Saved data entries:
=======
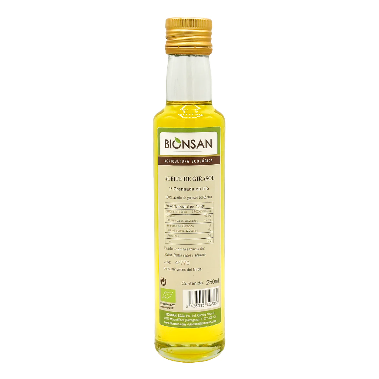 Aceite de Girasol Ecológico de Primera Prensada en Frío
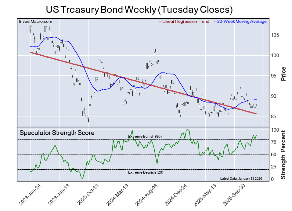 The US Treasury Bond speculator position comes up number four in the extreme standings this week with the Long T-Bond speculator level at an 88 percent score of its 3-year range.
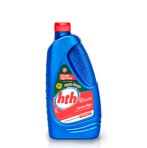 hth® Solução Água Verde – Algicida Choque um produto concentrado que elimina as algas de piscinas​ infestadas.​ Fórmula livre de cobre, não deixa manchas esverdeadas no cabelo​ e no revestimento.​
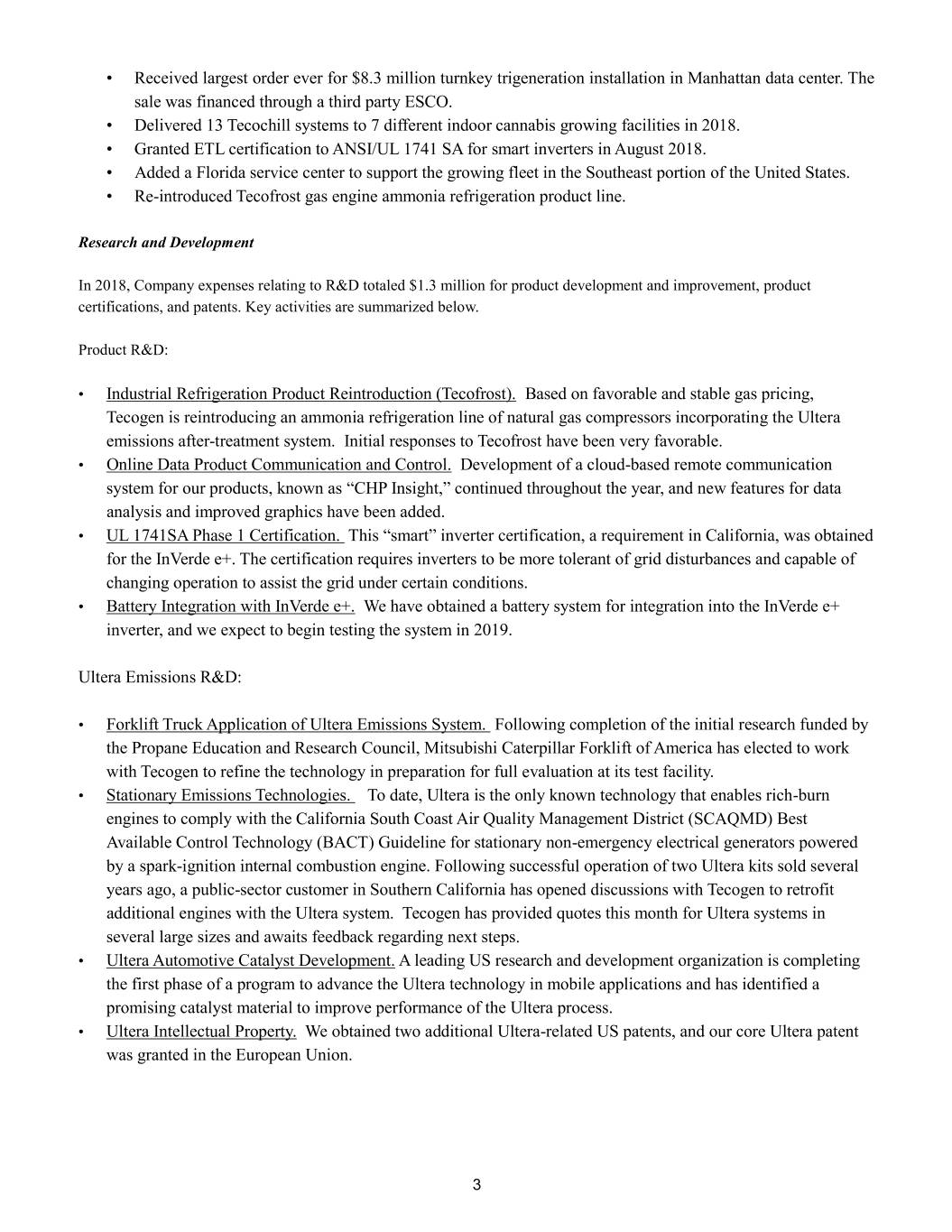 • Received largest order ever for $8.3 million turnkey trigeneration installation in Manhattan data center. The sale was financed through a third party ESCO. • Delivered 13 Tecochill systems to 7 different indoor cannabis growing facilities in 2018. • Granted ETL certification to ANSI/UL 1741 SA for smart inverters in August 2018. • Added a Florida service center to support the growing fleet in the Southeast portion of the United States. • Re-introduced Tecofrost gas engine ammonia refrigeration product line. Research and Development In 2018, Company expenses relating to R&D totaled $1.3 million for product development and improvement, product certifications, and patents. Key activities are summarized below. Product R&D: • Industrial Refrigeration Product Reintroduction (Tecofrost). Based on favorable and stable gas pricing, Tecogen is reintroducing an ammonia refrigeration line of natural gas compressors incorporating the Ultera emissions after-treatment system. Initial responses to Tecofrost have been very favorable. • Online Data Product Communication and Control. Development of a cloud-based remote communication system for our products, known as “CHP Insight,” continued throughout the year, and new features for data analysis and improved graphics have been added. • UL 1741SA Phase 1 Certification. This “smart” inverter certification, a requirement in California, was obtained for the InVerde e+. The certification requires inverters to be more tolerant of grid disturbances and capable of changing operation to assist the grid under certain conditions. • Battery Integration with InVerde e+. We have obtained a battery system for integration into the InVerde e+ inverter, and we expect to begin testing the system in 2019. Ultera Emissions R&D: • Forklift Truck Application of Ultera Emissions System. Following completion of the initial research funded by the Propane Education and Research Council, Mitsubishi Caterpillar Forklift of America has elected to work with Tecogen to refine the technology in preparation for full evaluation at its test facility. • Stationary Emissions Technologies. To date, Ultera is the only known technology that enables rich-burn engines to comply with the California South Coast Air Quality Management District (SCAQMD) Best Available Control Technology (BACT) Guideline for stationary non-emergency electrical generators powered by a spark-ignition internal combustion engine. Following successful operation of two Ultera kits sold several years ago, a public-sector customer in Southern California has opened discussions with Tecogen to retrofit additional engines with the Ultera system. Tecogen has provided quotes this month for Ultera systems in several large sizes and awaits feedback regarding next steps. • Ultera Automotive Catalyst Development. A leading US research and development organization is completing the first phase of a program to advance the Ultera technology in mobile applications and has identified a promising catalyst material to improve performance of the Ultera process. • Ultera Intellectual Property. We obtained two additional Ultera-related US patents, and our core Ultera patent was granted in the European Union. 3
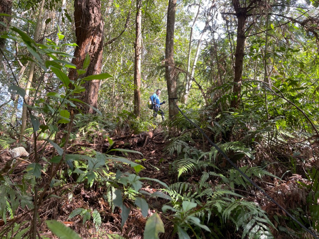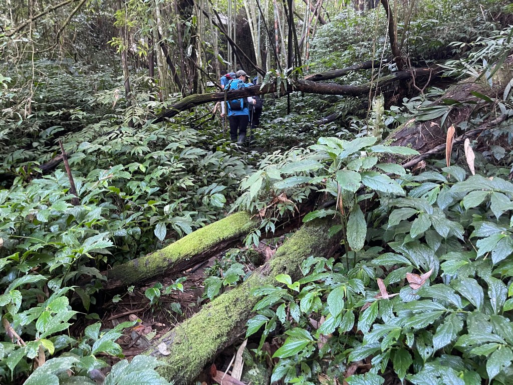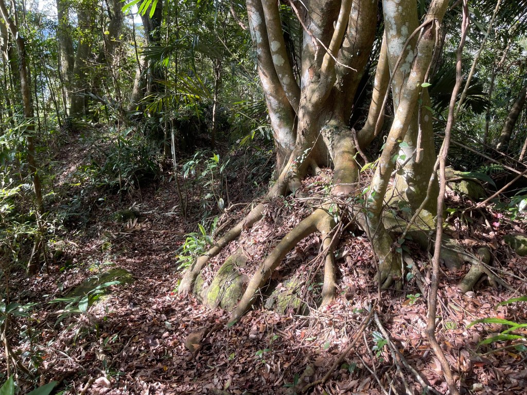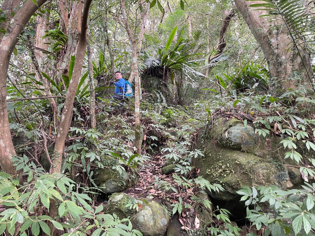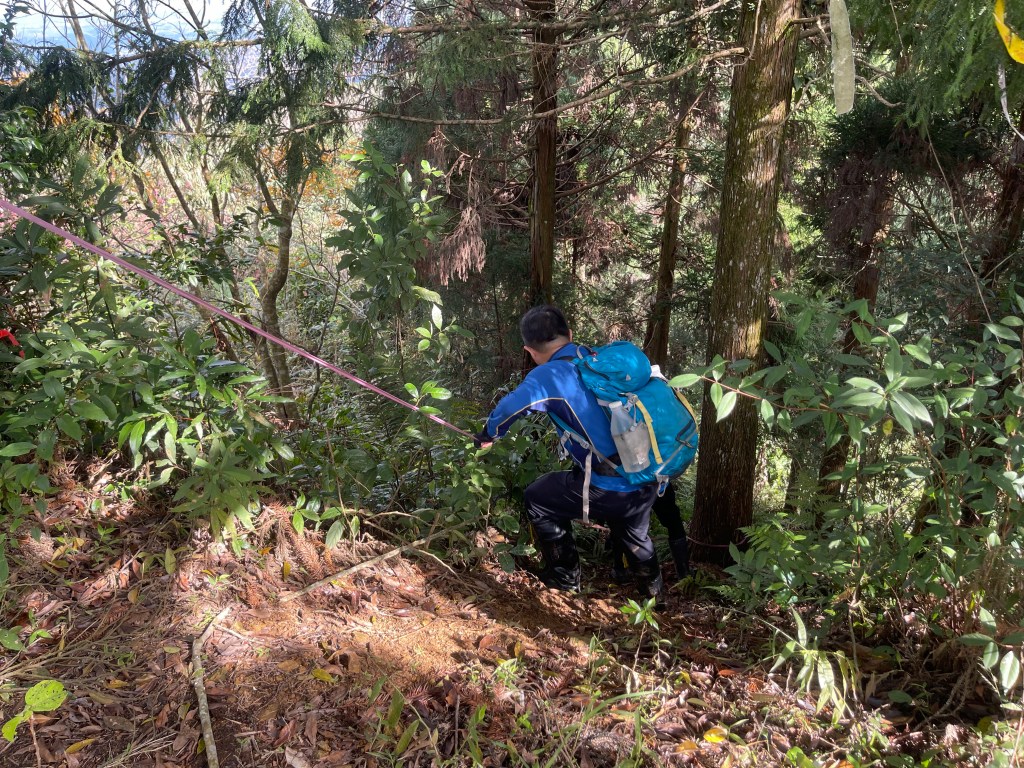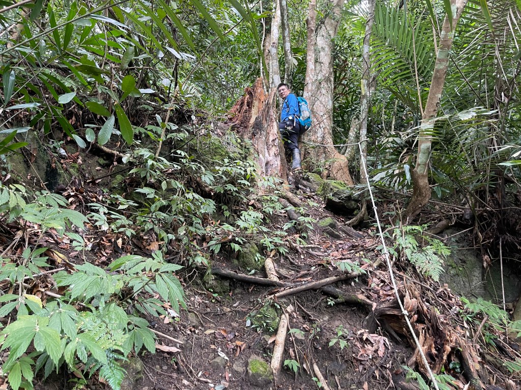(3)走稜線路徑過程中,有不少路段都是走在瘦稜上,兩邊都有樹木雜草等植物,看似很安全卻暗藏危機,如果仔細看,會發現有些路段,其實有一邊是深不見底的斷崖,只是因為有樹木植披,會誤以為沒有危險。
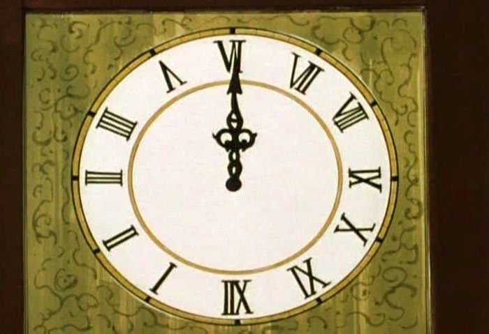 То же происходит и с цифрами на часах в самом магазине. Цифры перевернуты, написаны не на своем месте (6 и 12). Римская IV записана более не используемым, "устаревшим" способом - "IIII". Видимо это сделано для того, чтобы зритель сразу понял - часы-то с подвохом.
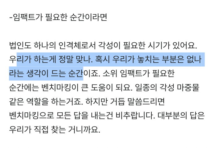 그래서 벤치마킹은 쓸모없고, 멀리해야 하는 걸까요? 그렇지 않습니다. 모든 비즈니스는 ‘각성'의 순간이 필요합니다. 지지부진한 사업 속에서 돌파구를 찾아야 할 때, 오랫동안 해오던 관성에 의해서만 일하고 있을 때, 위기를 느낄 때 “아, 이러고 있으면 안 되는구나”, “아, 저기는 저렇게 하고 있는데 우리는 뒤처지는 게 아닐까"라는 생각을 할 수 있어야 합니다. 벤치마킹은 팀에 경종을 울리는 역할을 합니다. 새로운 방향으로 시선을 돌릴 수 있는 임팩트를 가져다주죠. 비즈니스의 전환은 정신이 내부에만 쏠려있어서는 이뤄내기 어렵습니다.
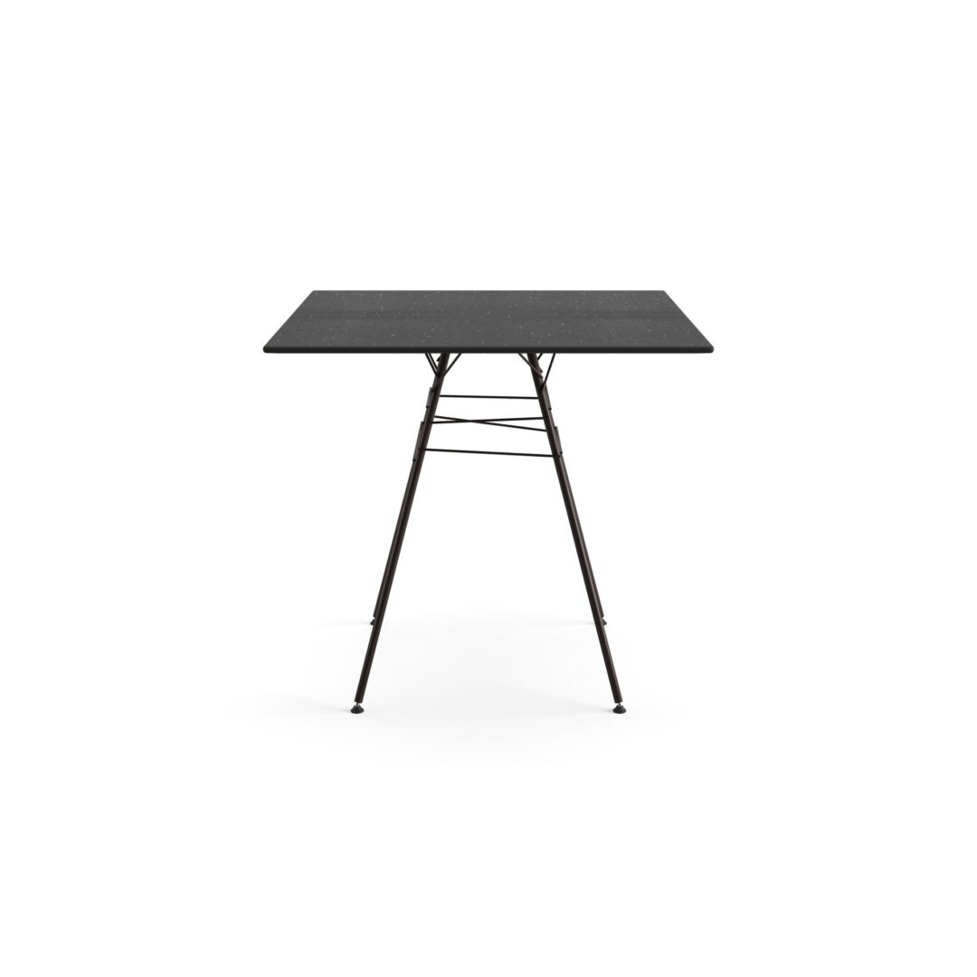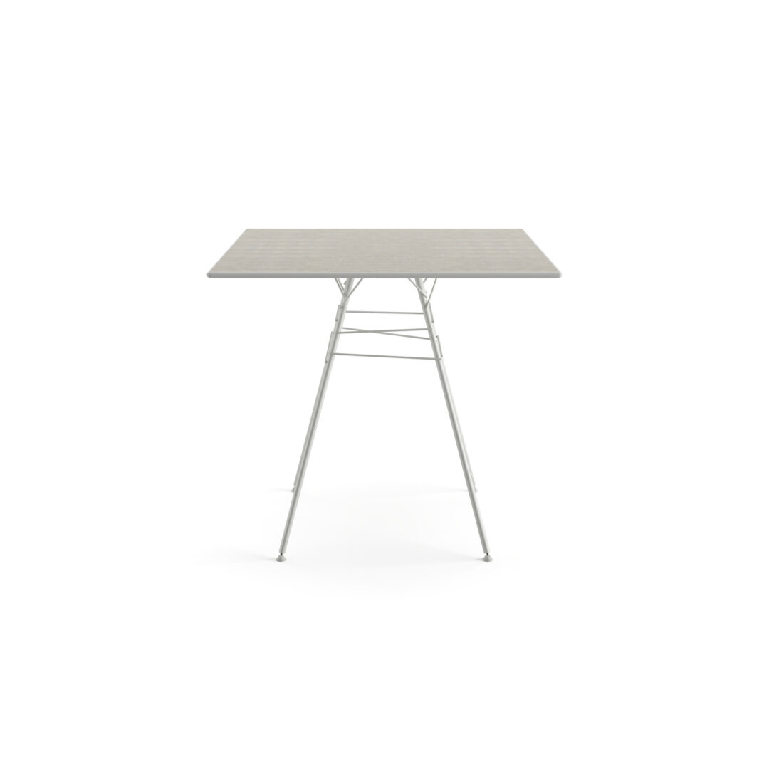 Tavolo con base 4 gambe in acciaio verniciato e piano quadrato 79 x 79 cm in HPL effetto pietra (spessore 1,2 cm), adatto all’utilizzo outdoor.
=======
• **INSTRUCTIONS TO FOLLOW**: All entries above should be printed exactly, though without their pictures.

• **ANSWER FOR THE TASK**:
 Aceite de Girasol Ecológico de Primera Prensada en Frío
 The US Treasury Bond speculator position comes up number four in the extreme standings this week with the Long T-Bond speculator level at an 88 percent score of its 3-year range.
 hth® Solução Água Verde – Algicida Choque um produto concentrado que elimina as algas de piscinas​ infestadas.​ Fórmula livre de cobre, não deixa manchas esverdeadas no cabelo​ e no revestimento.​
 • Received largest order ever for $8.3 million turnkey trigeneration installation in Manhattan data center. The sale was financed through a third party ESCO. • Delivered 13 Tecochill systems to 7 different indoor cannabis growing facilities in 2018. • Granted ETL certification to ANSI/UL 1741 SA for smart inverters in August 2018. • Added a Florida service center to support the growing fleet in the Southeast portion of the United States. • Re-introduced Tecofrost gas engine ammonia refrigeration product line. Research and Development In 2018, Company expenses relating to R&D totaled $1.3 million for product development and improvement, product certifications, and patents. Key activities are summarized below. Product R&D: • Industrial Refrigeration Product Reintroduction (Tecofrost). Based on favorable and stable gas pricing, Tecogen is reintroducing an ammonia refrigeration line of natural gas compressors incorporating the Ultera emissions after-treatment system. Initial responses to Tecofrost have been very favorable. • Online Data Product Communication and Control. Development of a cloud-based remote communication system for our products, known as “CHP Insight,” continued throughout the year, and new features for data analysis and improved graphics have been added. • UL 1741SA Phase 1 Certification. This “smart” inverter certification, a requirement in California, was obtained for the InVerde e+. The certification requires inverters to be more tolerant of grid disturbances and capable of changing operation to assist the grid under certain conditions. • Battery Integration with InVerde e+. We have obtained a battery system for integration into the InVerde e+ inverter, and we expect to begin testing the system in 2019. Ultera Emissions R&D: • Forklift Truck Application of Ultera Emissions System. Following completion of the initial research funded by the Propane Education and Research Council, Mitsubishi Caterpillar Forklift of America has elected to work with Tecogen to refine the technology in preparation for full evaluation at its test facility. • Stationary Emissions Technologies. To date, Ultera is the only known technology that enables rich-burn engines to comply with the California South Coast Air Quality Management District (SCAQMD) Best Available Control Technology (BACT) Guideline for stationary non-emergency electrical generators powered by a spark-ignition internal combustion engine. Following successful operation of two Ultera kits sold several years ago, a public-sector customer in Southern California has opened discussions with Tecogen to retrofit additional engines with the Ultera system. Tecogen has provided quotes this month for Ultera systems in several large sizes and awaits feedback regarding next steps. • Ultera Automotive Catalyst Development. A leading US research and development organization is completing the first phase of a program to advance the Ultera technology in mobile applications and has identified a promising catalyst material to improve performance of the Ultera process. • Ultera Intellectual Property. We obtained two additional Ultera-related US patents, and our core Ultera patent was granted in the European Union. 3
(3)走稜線路徑過程中,有不少路段都是走在瘦稜上,兩邊都有樹木雜草等植物,看似很安全卻暗藏危機,如果仔細看,會發現有些路段,其實有一邊是深不見底的斷崖,只是因為有樹木植披,會誤以為沒有危險。
 То же происходит и с цифрами на часах в самом магазине. Цифры перевернуты, написаны не на своем месте (6 и 12). Римская IV записана более не используемым, "устаревшим" способом - "IIII". Видимо это сделано для того, чтобы зритель сразу понял - часы-то с подвохом.
 그래서 벤치마킹은 쓸모없고, 멀리해야 하는 걸까요? 그렇지 않습니다. 모든 비즈니스는 ‘각성'의 순간이 필요합니다. 지지부진한 사업 속에서 돌파구를 찾아야 할 때, 오랫동안 해오던 관성에 의해서만 일하고 있을 때, 위기를 느낄 때 “아, 이러고 있으면 안 되는구나”, “아, 저기는 저렇게 하고 있는데 우리는 뒤처지는 게 아닐까"라는 생각을 할 수 있어야 합니다. 벤치마킹은 팀에 경종을 울리는 역할을 합니다. 새로운 방향으로 시선을 돌릴 수 있는 임팩트를 가져다주죠. 비즈니스의 전환은 정신이 내부에만 쏠려있어서는 이뤄내기 어렵습니다.
 Tavolo con base 4 gambe in acciaio verniciato e piano quadrato 79 x 79 cm in HPL effetto pietra (spessore 1,2 cm), adatto all’utilizzo outdoor.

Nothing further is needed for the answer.